Contrairement à nous, l’IA ne connaît pas le burn-out physique, mais elle peut dérailler de manière très humaine en étant trop convaincue par ses propres erreurs. Elle peut inventer des informations ou fournir des réponses erronées, un phénomène appelé hallucination. Même les géants du secteur, tels qu’Anthropic, Google ou OpenAI, travaillent activement pour limiter ces hallucinations, mais ne parviennent pas encore à l’éradiquer. Cependant, il est possible de réduire considérablement les risques en adoptant quelques bonnes pratiques pour guider l’IA et vérifier ses réponses.
Sommaire :
Exigez des sources fiables
Le premier réflexe pour limiter les erreurs consiste à demander systématiquement à l’IA de citer ses sources. Lorsque l’on aborde un sujet complexe ou que l’on n’a pas de connaissances approfondies, les hallucinations deviennent difficiles à repérer.
Utiliser un langage clair et neutre, tout en demandant des références précises, permet de renforcer la fiabilité des réponses. Par exemple, il est conseillé de demander que chaque affirmation soit accompagnée d’URLs provenant de sources reconnues et crédibles. Cette approche oblige l’IA à se baser sur des informations vérifiables plutôt que de générer des contenus approximatifs.
Dans ce cas, quand il n’y a aucune information crédible pour répondre à votre requête, elle est obligée d’avouer son ignorance, plutôt que de trouver une réponse quelconque.
Procédez étape par étape
Les assistants IA traitent d’énormes volumes d’informations, sans distinguer toujours l’avis d’un expert d’une simple opinion d’internaute. Pour obtenir des réponses plus fiables, il est efficace de demander à l’IA d’adopter le rôle d’un spécialiste dans le domaine concerné et de réfléchir de manière structurée, étape par étape.

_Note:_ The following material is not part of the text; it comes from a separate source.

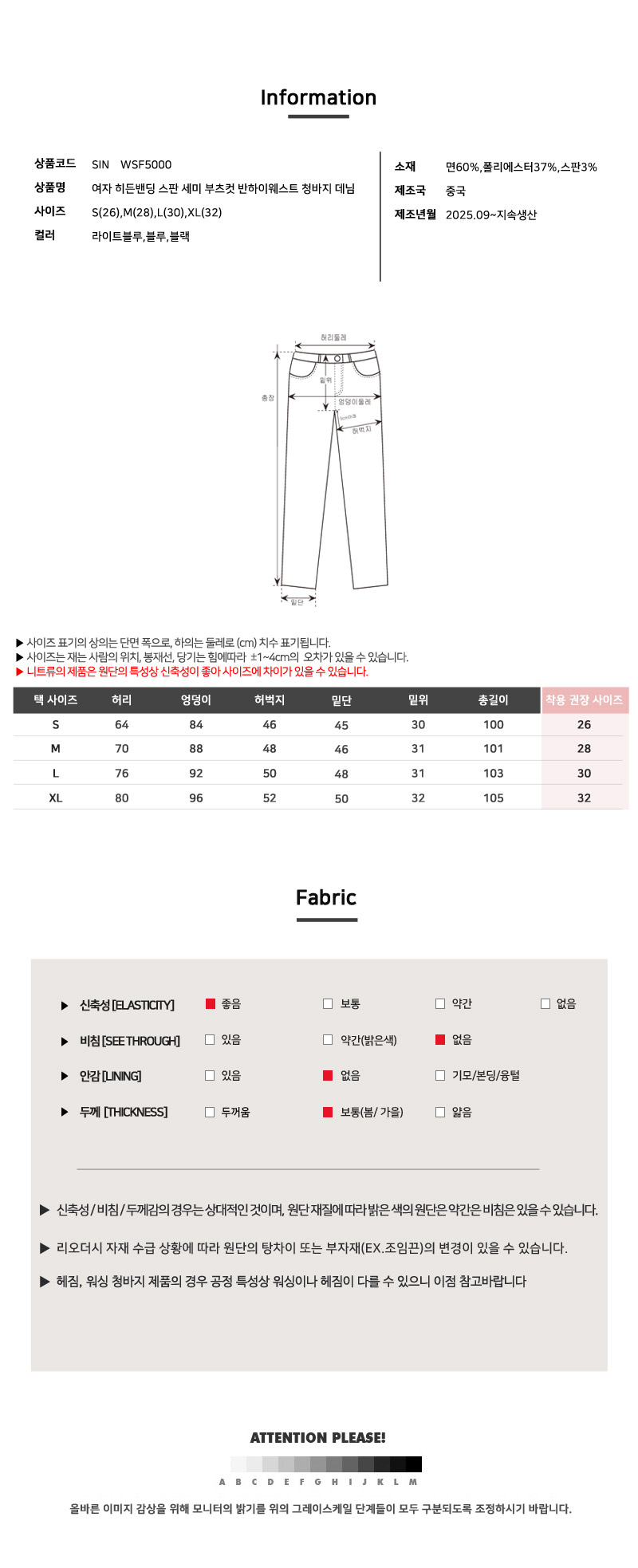 여자 히든밴딩 부츠컷 반하이웨스트 데님 DJW-JEA-S2LSINWSF50001

Cette méthode encourage le modèle à analyser la question en profondeur, à hiérarchiser les sources et à fournir des réponses détaillées et contextualisées. En procédant ainsi, on augmente nettement la qualité des informations et on réduit le risque d’obtenir des affirmations incorrectes ou incomplètes.
Contredisez l’IA pour tester ses réponses
L’IA abonde souvent dans le sens de son utilisateur. C’est pourquoi il est conseillé de leur mentir. Cela permet d’avoir une réponse nuancée ou de déceler les mensonges de l’assistant.
Il est utile de confronter l’IA à des contradictions ou de lui poser des questions qui mettent en évidence les failles de son raisonnement. Par exemple, on peut lui demander d’expliquer pourquoi une affirmation pourrait ne pas être correcte, ou de comparer différents points de vue sur le même sujet. Cette technique permet à l’utilisateur d’obtenir une réponse plus nuancée et de détecter plus facilement les hallucinations potentielles.
En sollicitant l’IA de cette manière, elle est incitée à vérifier la cohérence de ses informations et à considérer plusieurs perspectives.
Fournissez des données fiables
Une méthode complémentaire consiste à connecter l’assistant IA à des bases de données triées sur le volet ou à des documents spécifiques. Cette approche, connue sous le nom de RAG (Retrieval-Augmented Generation), consiste à fournir à l’IA des sources fiables et à lui demander de formuler ses réponses à partir de ces documents. Ainsi, l’utilisateur garde le contrôle sur la qualité et la pertinence des informations, tout en réduisant les risques d’hallucinations. C’est d’ailleurs sur cette base que NotebookLM de Google connait du succès.
Bien que cette technique améliore la précision des réponses, elle n’élimine pas complètement le risque d’erreur, et il reste indispensable de vérifier les informations avant de les utiliser.